What this task involves:
From the listing that follows, output everything exactly except the pictures.

━━━━━ Data section

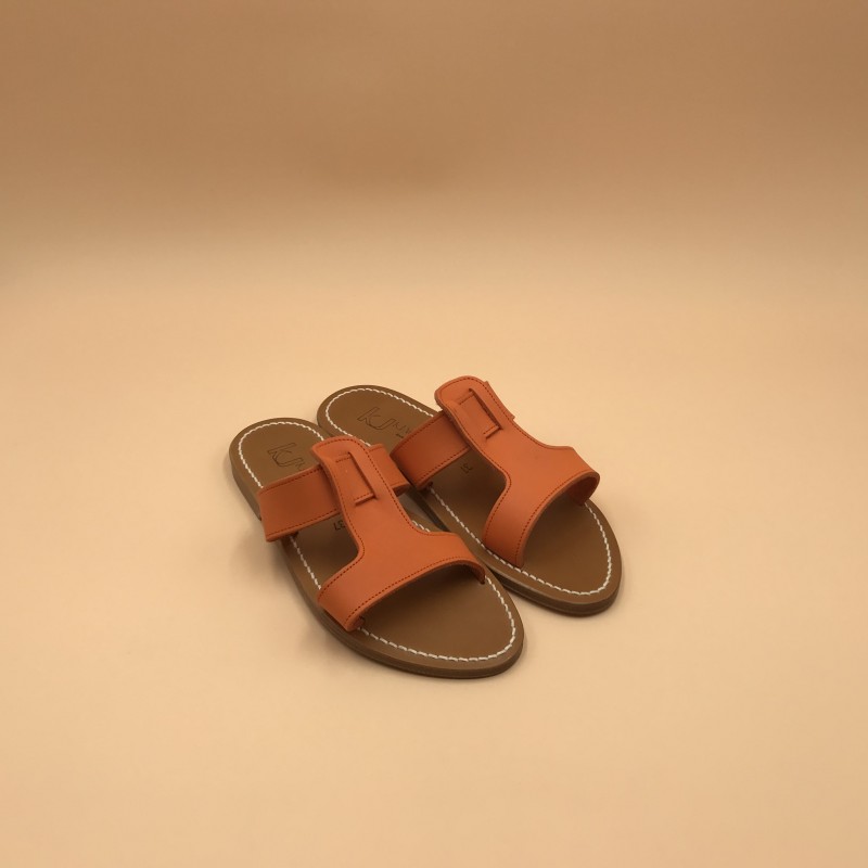 Sandales plates K.JACQUES, modèle RHEA en cuir Pul Mandarine, pointure 37.
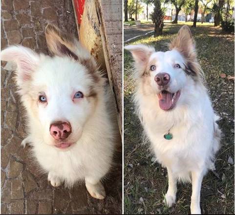 O border collie Theodoro mostrou que uma coisa não mudou ao crescer, sua beleza continua admirável
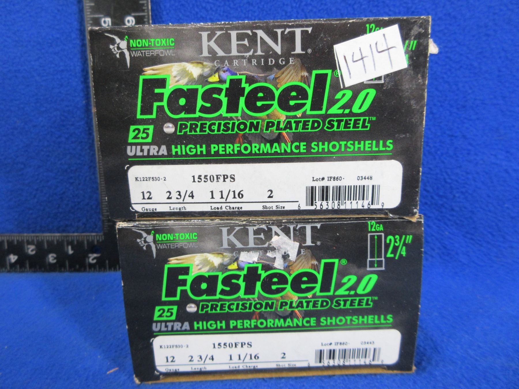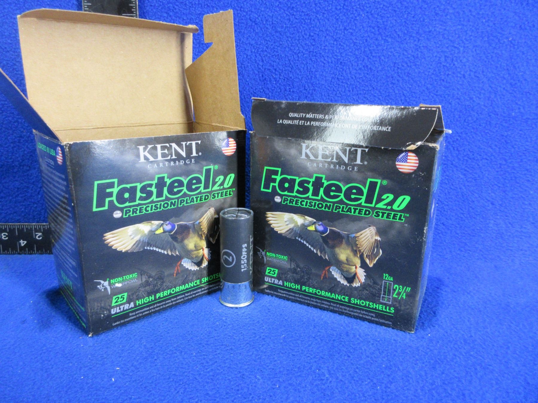 12 Ga. 2 3/4" 2 Shot (Pick Up or Ship by UPS Only) Kent Fasteel 2.0 Shotshells - Box of 25, Box of 19

━━━━━━━━━━

Response to this exercise:
 Sandales plates K.JACQUES, modèle RHEA en cuir Pul Mandarine, pointure 37.
 O border collie Theodoro mostrou que uma coisa não mudou ao crescer, sua beleza continua admirável
 12 Ga. 2 3/4" 2 Shot (Pick Up or Ship by UPS Only) Kent Fasteel 2.0 Shotshells - Box of 25, Box of 19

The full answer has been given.